The Problem
While working on a piece of our anonymous telemetry and analytics system, our goal was to be able to handle a large amount of POST requests from millions of endpoints. The web handler would receive a JSON document that may contain a collection of many payloads that needed to be written to Amazon S3, in order for our map-reduce systems to later operate on this data.
Traditionally we would look into creating a worker-tier architecture, utilizing things such as:
Sidekiq
Resque
DelayedJob
Elasticbeanstalk Worker Tier
RabbitMQ
and so on…
And setup 2 different clusters, one for the web front-end and another for the workers, so we can scale up the amount of background work we can handle.
But since the beginning, our team knew that we should do this in Go because during the discussion phases we saw this could be potentially a very large traffic system. I have been using Go for about 2 years or so, and we had developed a few systems here at work but none that would get this amount of load.
Conclusion
Simplicity always wins in my book.

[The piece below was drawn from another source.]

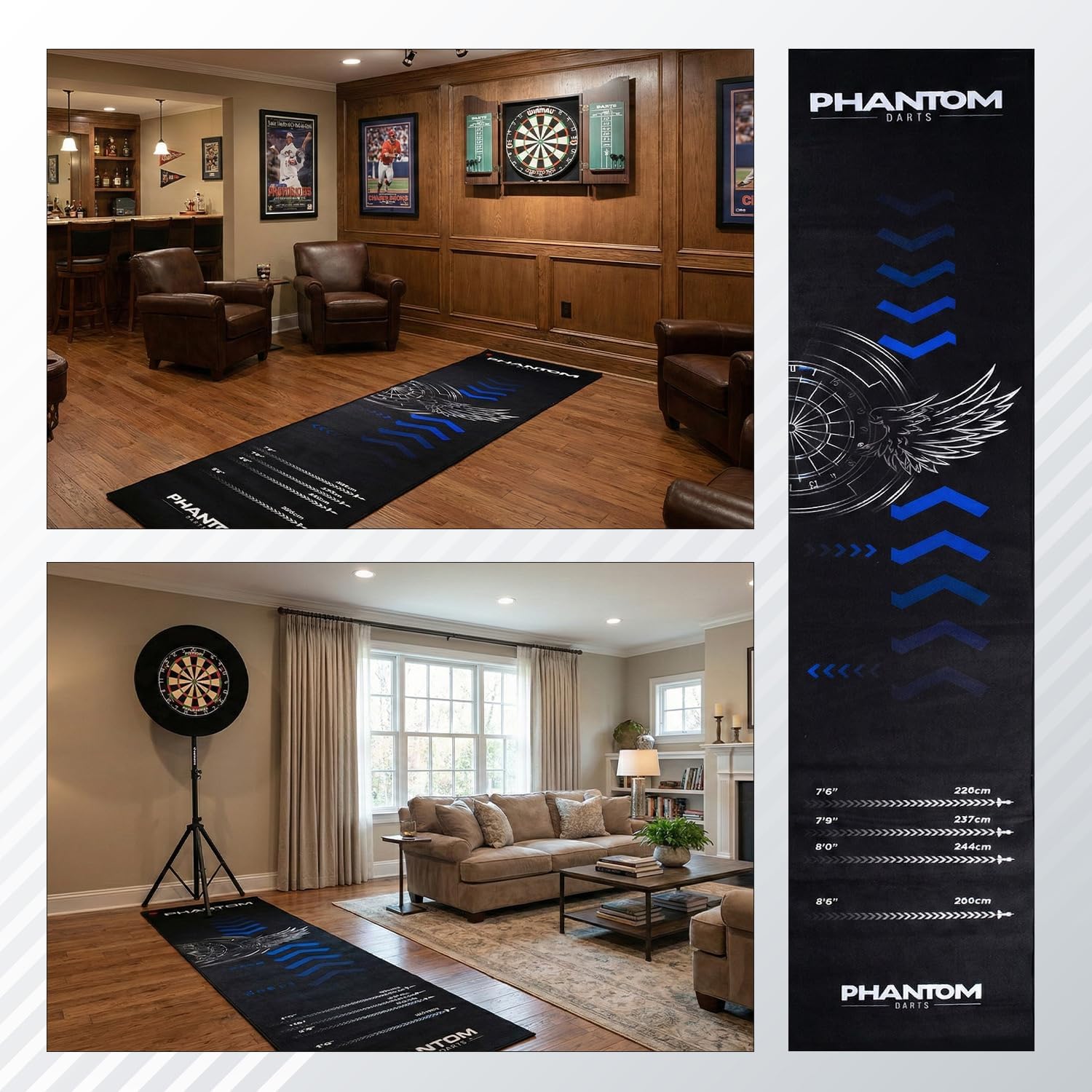 Phantom Darts practice dart oche mat delivers durability, style, and floor protection for every darts setup.

We could have designed a complex system with many queues, background workers, complex deployments, but instead we decided to leverage the power of Elasticbeanstalk auto-scaling and the efficiency and simple approach to concurrency that Golang provides us out of the box.
It’s not everyday that you have a cluster of only 4 machines, that are probably much less powerful than my current MacBook Pro, handling POST requests writing to an Amazon S3 bucket 1 million times every minute.